Arthur Robert Peter Baden-Powell, 2nd Baron Baden-Powell,  (known as Peter; 30 October 1913 – 9 December 1962) was the son of Lieutenant-General Robert Baden-Powell, 1st Baron Baden-Powell, the founder of Scouting, and Olave St. Clair Soames.  He served with the British South Africa Police in Southern Rhodesia, and then in the Southern Rhodesian Civil Service until the end of the Second World War, when he returned to Britain, and became a director of companies, and a Special Constable with the City of London Police.

Family life and work
He was born in England, the son of Lieutenant-General Sir Robert Baden-Powell and Olave St. Clair Soames. He attended Charterhouse School, Godalming, Surrey, England, like his father. He entered the Royal Military College, Sandhurst but did not complete the course. He served in the British South Africa Police (BSAP) in Southern Rhodesia from 1934 to 1937. He married Carine Crause Boardman (1913 – 14 May 1993), a nurse from Johannesburg, South Africa, on 3 January 1936. Marriage was forbidden by the BSAP terms of service, so he obtained employment in the Southern Rhodesia Native Affairs Department from 1937 to 1945. He had two sons and a daughter:
 Robert Crause Baden-Powell, born 15 October 1936.
 David Michael Baden-Powell, born December 1940.  
 Wendy Dorothy Baden-Powell, born 16 September 1944, unmarried, and lives in Melbourne, Australia.
After he inherited the peerage, he returned to Britain in 1945 for eighteen months and then permanently in 1949 and became a company director and a special constable with the City of London Police.

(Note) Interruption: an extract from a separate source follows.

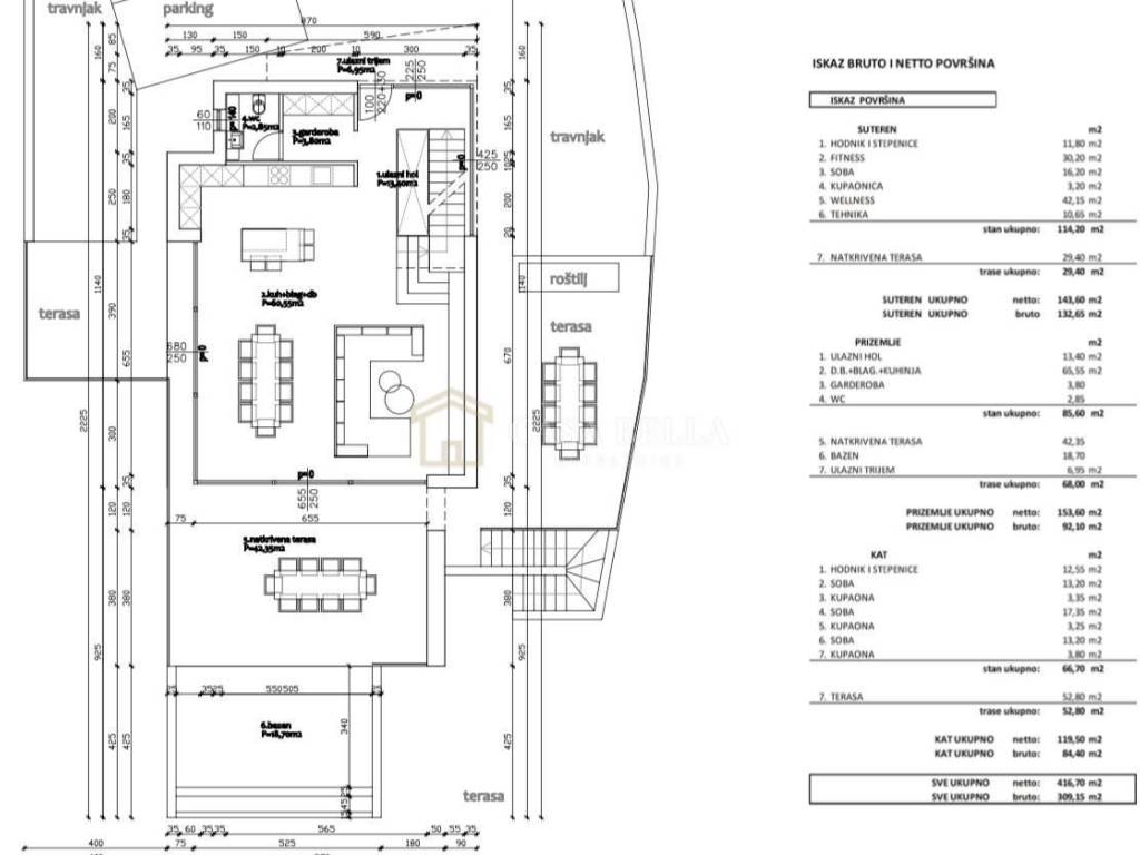 CASA BELLA iz ponude izdvaja građevinsko zemljište u Ičićima, 900m zračne linije od mora, sa građevinskom dozvolom i gotovim projektom za modernu kuću. Teren ima ishodovane dozvole, kao i plaćene komunalije struje i vode, prilazni put, te se s gradnjom može započeti odmah. Prema projektu, kuća ima 416,70m2, te se sastoji od suterena, prizemlja i prvog kata.

He died on 9 December 1962, aged 49 in St. Thomas's Hospital, London after, already suffering Leukaemia, he spent a night in his parents' 1929 caravan in wet and cold conditions at a Gilwell re-union in September 1962 and caught a cold that turned to pneumonia then pleurisy and he suffered a heart attack.

Later career
He was named Arthur after his mother's brother, Robert after his father, and Peter after the eponymous character of the play Peter Pan by James Barrie, of whom his father was a fan (likewise, he named his daughter Wendy after another character in the play).

He was:
 1948 - elected a member of the Mercers' Company.
 a Fellow of the Royal Society of Arts (R.S.A.).
 involved in Scouting.
 Guildmaster of The B–P Guild of Old Scouts, until his death.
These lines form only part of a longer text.